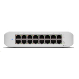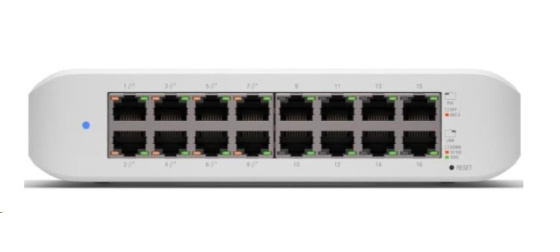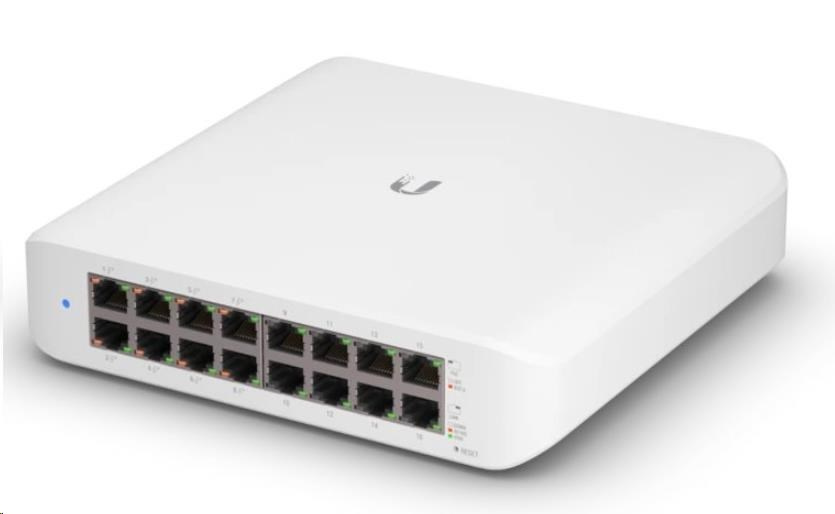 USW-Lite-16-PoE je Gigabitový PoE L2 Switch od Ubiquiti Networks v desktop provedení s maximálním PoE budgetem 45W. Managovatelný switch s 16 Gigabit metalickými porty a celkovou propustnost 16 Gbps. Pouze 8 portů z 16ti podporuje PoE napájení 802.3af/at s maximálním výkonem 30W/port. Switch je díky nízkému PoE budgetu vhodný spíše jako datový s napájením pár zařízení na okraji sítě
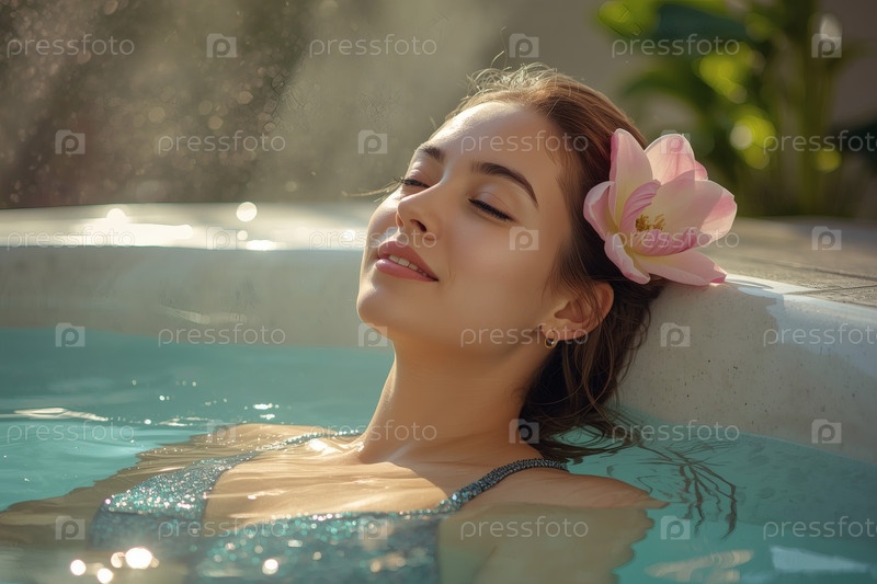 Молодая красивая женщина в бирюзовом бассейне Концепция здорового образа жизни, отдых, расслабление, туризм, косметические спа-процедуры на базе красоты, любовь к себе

--

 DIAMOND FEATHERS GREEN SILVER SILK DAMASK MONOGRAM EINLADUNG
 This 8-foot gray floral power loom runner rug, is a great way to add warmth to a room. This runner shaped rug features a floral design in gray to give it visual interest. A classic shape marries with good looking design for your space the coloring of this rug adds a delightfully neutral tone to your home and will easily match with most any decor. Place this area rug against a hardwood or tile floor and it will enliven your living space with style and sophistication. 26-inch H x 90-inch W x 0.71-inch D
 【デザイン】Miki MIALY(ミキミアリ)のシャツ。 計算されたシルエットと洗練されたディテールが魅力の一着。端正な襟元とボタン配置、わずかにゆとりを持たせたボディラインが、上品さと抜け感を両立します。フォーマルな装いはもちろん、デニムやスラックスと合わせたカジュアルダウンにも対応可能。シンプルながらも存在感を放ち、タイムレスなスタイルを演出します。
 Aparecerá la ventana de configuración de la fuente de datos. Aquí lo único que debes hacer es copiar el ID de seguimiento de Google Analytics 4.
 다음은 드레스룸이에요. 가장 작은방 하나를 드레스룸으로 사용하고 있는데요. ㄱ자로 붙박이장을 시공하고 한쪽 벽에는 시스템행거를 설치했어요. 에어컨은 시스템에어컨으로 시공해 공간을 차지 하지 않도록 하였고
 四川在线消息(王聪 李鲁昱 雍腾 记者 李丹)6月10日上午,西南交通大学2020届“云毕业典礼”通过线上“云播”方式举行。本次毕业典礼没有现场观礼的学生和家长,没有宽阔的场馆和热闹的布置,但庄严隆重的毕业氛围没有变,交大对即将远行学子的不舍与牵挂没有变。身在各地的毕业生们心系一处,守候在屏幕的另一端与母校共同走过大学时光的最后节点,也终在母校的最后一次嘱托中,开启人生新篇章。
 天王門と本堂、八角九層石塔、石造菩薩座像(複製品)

...

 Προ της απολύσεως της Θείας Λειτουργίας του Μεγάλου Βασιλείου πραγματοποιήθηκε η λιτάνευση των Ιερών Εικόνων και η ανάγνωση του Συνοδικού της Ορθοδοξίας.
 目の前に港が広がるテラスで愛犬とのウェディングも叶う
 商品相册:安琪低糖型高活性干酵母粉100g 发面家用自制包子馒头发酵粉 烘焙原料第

(Problem requirements):
What you return must match the lines above from the one with "USW-Lite-16-PoE je Gigabitový" through the one with "Молодая красивая женщина" exactly, with both ends included and the pictures excluded.

(Task solution):
 USW-Lite-16-PoE je Gigabitový PoE L2 Switch od Ubiquiti Networks v desktop provedení s maximálním PoE budgetem 45W. Managovatelný switch s 16 Gigabit metalickými porty a celkovou propustnost 16 Gbps. Pouze 8 portů z 16ti podporuje PoE napájení 802.3af/at s maximálním výkonem 30W/port. Switch je díky nízkému PoE budgetu vhodný spíše jako datový s napájením pár zařízení na okraji sítě
 Молодая красивая женщина в бирюзовом бассейне Концепция здорового образа жизни, отдых, расслабление, туризм, косметические спа-процедуры на базе красоты, любовь к себе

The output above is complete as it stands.